A
Cultura do "Quem Clicar Primeiro Leva": Como a Burocracia Fere a
Moralidade Pública em Santa Catarina
O
recente episódio envolvendo o Programa de Incentivo à Cultura (PIC) de Santa
Catarina acendeu um alerta vermelho sobre como a gestão pública gerencia os
recursos da sociedade. A decisão da Justiça catarinense de determinar a
reabertura imediata do programa — após o encerramento abrupto das inscrições em
menos de 4 horas — expõe uma ferida que vai além de uma simples falha técnica.
Trata-se de uma discussão profunda sobre os conceitos de eficiência, isonomia e
moralidade no trato do dinheiro público.
1. O Caso: Uma Corrida de 100 Metros no Servidor
do Governo
As
regras do edital da Fundação Catarinense de Cultura (FCC) previam o fechamento
automático do sistema assim que o teto de R$ 75 milhões fosse atingido. O
resultado? Uma corrida desenfreada contra o relógio. Em poucas horas, a verba
esgotou-se, deixando a grande maioria dos produtores e artistas do estado de
fora.
A
revolta do setor artístico foi imediata e legítima. Afinal, desde quando a
velocidade do clique do mouse ou a qualidade da conexão de internet de um
proponente passou a ser o critério de validação de uma obra de arte?
2. O Enquadramento Conceitual: Que Tipo de
Disfunção É Essa?
Quando
vemos R$ 75 milhões desaparecerem em 4 horas sem qualquer análise de mérito, a
primeira palavra que vem à mente do cidadão é "corrupção". No
entanto, para entender o problema e combatê-lo, precisamos usar os conceitos
corretos da ciência política e do direito administrativo:
a. Violação dos
Princípios da Administração Pública (Improbidade)
A
intervenção do juiz Alexandre Murilo Schramm baseou-se no fato de que o edital
feria os pilares do Artigo 37 da Constituição Federal:
·
Isonomia e
Impessoalidade: O
formato favorece unicamente os grandes proponentes, que possuem estruturas
jurídicas e tecnológicas robustas prontas para protocolar projetos de alto
valor instantaneamente.

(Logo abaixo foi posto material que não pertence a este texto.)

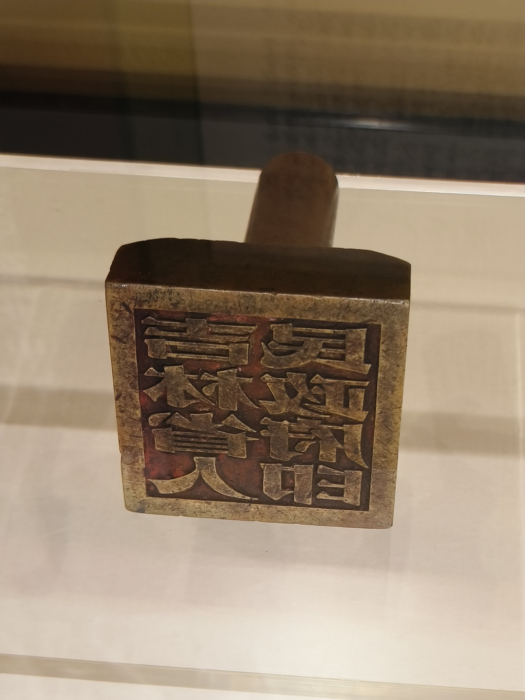 ↗中书门下之印、拏里浑河猛安之印(金)。“中书门下”是唐代议事机关,此印文为九叠篆“中书门下之印”六个汉字。拏(ná)里浑河是地名,猛安是金代女真族的军事和社会组织单位,相当于州。

Isso exclui o pequeno produtor, o artista do interior e
as iniciativas periféricas, criando uma desigualdade artificial.
·
Razoabilidade
e Finalidade: A
finalidade de um fundo de cultura é fomentar a diversidade e a qualidade
artística, e não premiar a "rapidez operacional".
b. Corrupção
Institucional e Captura do Estado
Ainda
que não haja a figura clássica da propina ou do suborno individualizado, o
desenho desse processo configura o que a sociologia chama de Corrupção Institucional. É
quando as regras do jogo são estruturadas (por incompetência ou conveniência)
de forma a desviar a finalidade pública do órgão, permitindo a Captura do Estado por um grupo
seleto de atores que já dominam os meandros da máquina burocrática.
3. A Resposta Pedagógica da Justiça
Ao
suspender as homologações e obrigar a reabertura do PIC com prazos razoáveis e
pré-definidos, o Poder Judiciário aplicou um corretivo pedagógico na gestão
cultural do estado. A cultura não pode ser tratada como um balcão de liquidação
por ordem de chegada. Ela exige critérios claros de mérito, impacto social,
democratização de acesso e descentralização regional.
Concluindo:
Fiscalização, Controle Social e Dignidade
Acompanhar
os desdobramentos oficiais desse processo pelo Portal de Notícias da ALESC não
é apenas um direito, mas um dever de cidadania. O episódio do PIC-SC deixa uma
lição pedagógica profunda: a vigilância sobre a burocracia estatal deve ser
permanente para evitar que a eficiência operacional seja usada como fachada
para a exclusão social.
O patrimônio público e o incentivo à identidade catarinense não podem ficar reféns de servidores de computador congestionados ou de editores de costas para a realidade do setor. Cultura é permanência, reflexão, história e identidade; reduzi-la a uma corrida de cliques é a falência do planejamento público e o sepultamento do mérito. Que a reabertura imposta pela Justiça seja o primeiro passo para devolver a dignidade e a igualdade de condições que os nossos artistas e produtores tanto merecem.